Входит, закрывает дверь на защелку, выключает музыку и в полной темноте движется в мою сторону. Она ступает неслышно, на ее ногах теплые вязаные носки, которые давно стали для меня таким же символом уюта, как горячий чай, теплый плед и огонь в камине холодным зимним вечером.
– Эй. – Ее руки касаются моей спины.
Не оборачиваюсь.
Чувствую, как Зоя прижимается лбом к моей правой лопатке. Трется, словно котенок, вымаливающий немного ласки. От нее так горячо, тепло, уютно. И вот я уже таю, вдыхая этот исключительный момент счастья, когда мы наедине, в полной тишине и принадлежим друг другу. Она больше не отталкивает меня.
– Я обидел тебя чем-то? – спрашиваю тихо.
Мне страшно от одной мысли, что я мог сделать ей больно. И неприятно думать, что она могла во мне усомниться по каким-то причинам.

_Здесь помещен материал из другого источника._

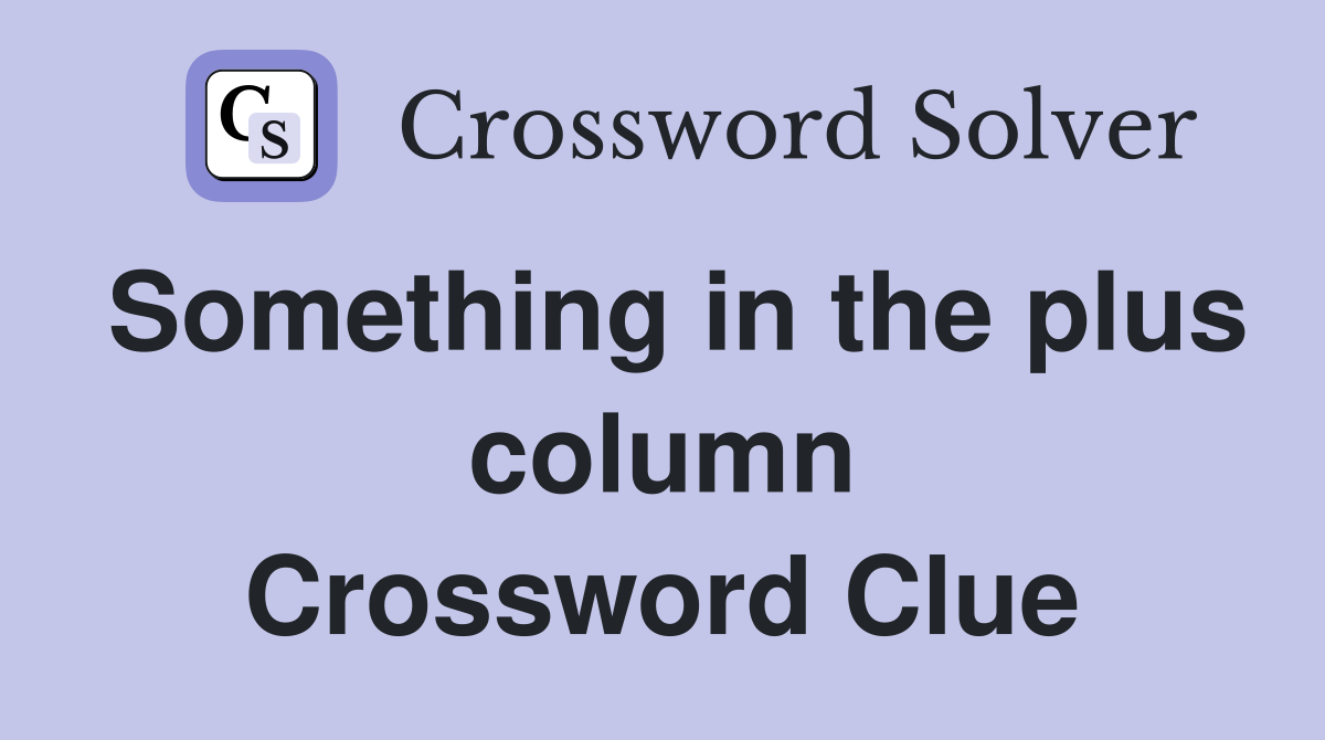 Something in the plus column Crossword Clue Answers Crossword Solver

– Нет, что ты. – Зоя прижимается еще сильнее, буквально втискивается в меня всем телом. Затем отпускает и разворачивает к себе лицом. – Просто было так грустно… – поднимает свои очаровательные глазки на меня. – И я решила, что нужно проживать каждый день, как последний. На самом деле важно не сколько нам отмерено времени, а как мы его проведем. Правда?
Шумно выдыхаю. Беру ее ладони в свои, вижу в глазах напротив свое отражение.
– Я ни черта не понимаю, что происходит, но очень рад, что ты со мной опять разговариваешь. Это гораздо лучше молчания, от которого у меня чуть не взорвались мозги.
Она улыбается немного вымученно, но искренне.
– Не знаю, как я жила до тебя…
– Кстати, – меня осеняет, – идем.
Подвожу ее к кровати, усаживаю, сам сажусь напротив. Мы сидим, поджав под себя ноги, освещаемые только светом луны, проникающим через окно.
– Вот, – снимаю футболку и отбрасываю ее в сторону. Поворачиваюсь так, чтобы она могла видеть маленький рисунок, который смотрится нереально крутым в серебряных лунных бликах.
– Что это? – Зоя наклоняется ближе и касается пальцами моей кожи над левым соском. – Джастин…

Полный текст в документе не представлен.